In any lattice ordered group, we say that a convex subgroup $P$ is prime if for any two convex subgroups $X,Y$: $X\cap Y \subseteq P$ implies that $X\subseteq P$ or $Y\subseteq P$. This is analogous to the notion of a prime ideal, which in turn is analogous to the notion of a prime number in the integers.
Consider the following real-world l-group:
I have a shopping cart full of items. I can add or remove items from the cart. (Isomorphic to $(\mathbb Z^n,+)$ where $(1,2)$ inidicates 1 apple and two oranges or some such.) The meet of two carts is the componentwise minimum, e.g. $(5,2,3)\wedge(4,6,4)=(4,2,3)$ and similarly with join.

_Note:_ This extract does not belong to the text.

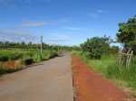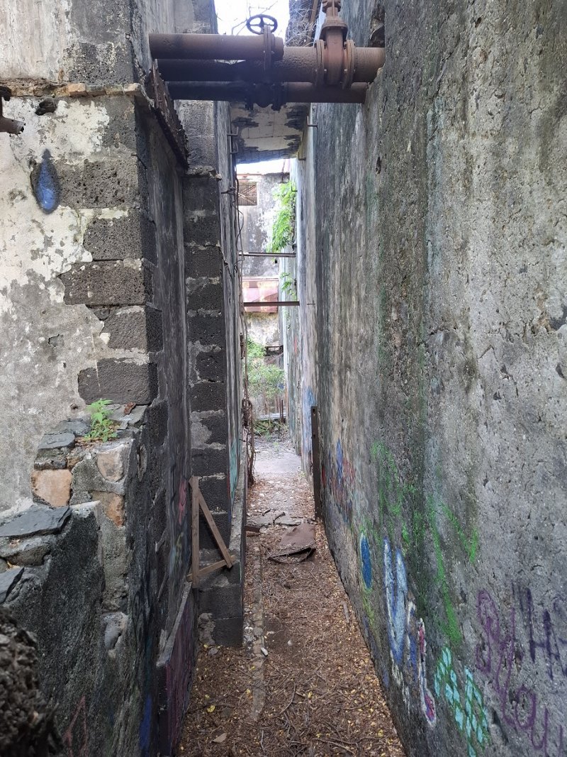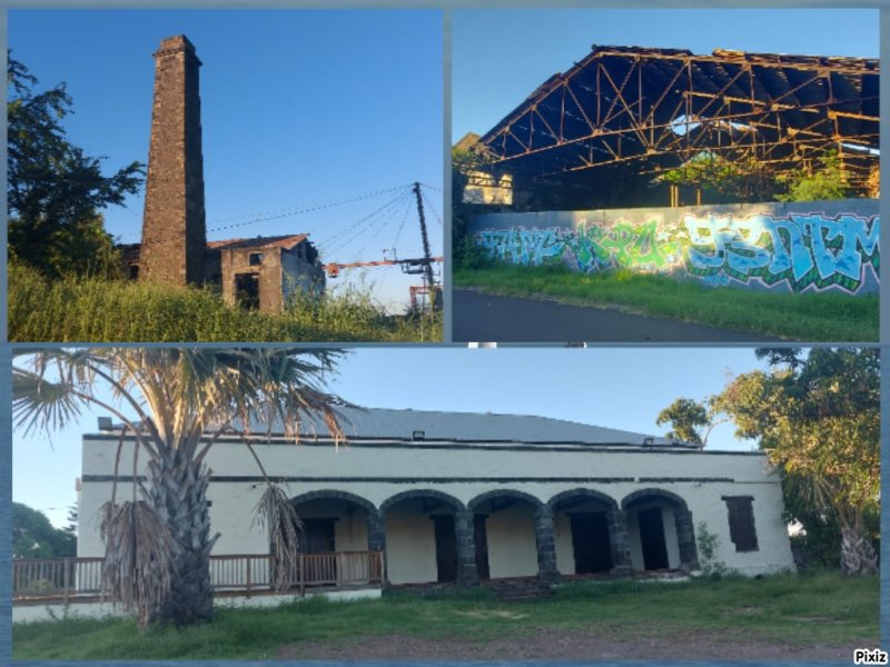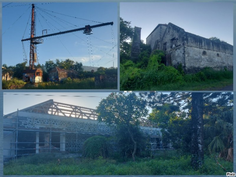 Randonnée pour marcheurs sans handicap : La zone de l'ancienne usine sucrière de Pierrefonds est très vaste. Elle comporte encore tous les bâtiments de l'époque ainsi que des grues et portiques (Photo 17). Il est officiellement interdit de pénétrer dans les bâtiments mais on repère très vite les sentiers ou portes ouvertes dans lesquelles s'engouffrent visiteurs, amateurs de graffitis, photographes urbex et peintres de tous les horizons artistiques. On peut faire le tour complet de l'usine en commençant par les bâtiments de stockage (Photo 18). Ils ont mal vieilli et il est préférable de rester en périphérie plutôt que de pénétrer dans les ruines (Photo 19). Les amateurs prendront beaucoup de temps pour tout voir (Photo 20). La différence est immense entre la clinique moderne et, à quelques mètres, les grues en train de rouiller (Photo 21). Le bâtiment principal, celui qui abritait les machines, est le plus dangereux avec des escaliers, des plateformes ou des grosses machines rouillées qu'il faut éviter à tout prix. L'immense grue qui le frôle tient encore debout (Photo 22). Tant qu'elles sont encore solides, il serait nécessaire de les restaurer un peu afin de garder sur l'île un vestige de cette période où les usines se comptaient par dizaines (Photo 23). Un seul bâtiment est en état. Il s'agit en réalité du Théâtre de Pierrefonds, un théâtre en activité appartenant à la Ville de Saint-Pierre, en gestion commune avec Lalanbik, le Centre de Développement Chorégraphique de l'Océan Indien. (Photo 24). Après cette visite qui dure plus ou moins longtemps en fonction de l'intérêt de chacun pour les vieilles pierres, reprendre le chemin inverse et traverser la RN1 par la longue passerelle. Au bout, reprendre l'escalier, la rampe ou l'ascenseur et quitter l'ouvrage (Photo 25). Le parking est tout proche. Il est aussi possible d'emprunter des petites routes transversales utilisées par les joggers pour leur footing (Photo 26). On peut se balader à l'envie sur les trottoirs, pas toujours très bien entretenus, dans un paysage de friches peu attractif (Photo 27). Il y a le plus souvent des pistes cyclables ou de larges trottoirs pour effectuer ces explorations (Photo 28). Ce sera différent lorsque la ZAC sera terminée et toutes les friches occupées par des magasins ou divers ateliers.
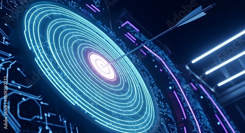 Objetivo digital, flecha golpeando la diana, experiencia en tecnolog?a, visualizaci?n de ?xito

I'm having trouble visualizing the prime subgroups here. An alternative definition of prime is that $f\wedge g=1$ implies $f\in P$ or $g\in P$, so I think the prime subgroups are of the form $(0,x_1,x_2,\dots)$ i.e. the prime subgroup $P_i$ is generated by the element $(1,1,\dots,0,1,\dots)$ that is 1 everywhere except the ith position.
These subgroups don't appear to correspond to any intuitive "building blocks" of the group like I would expect. What am I not understanding?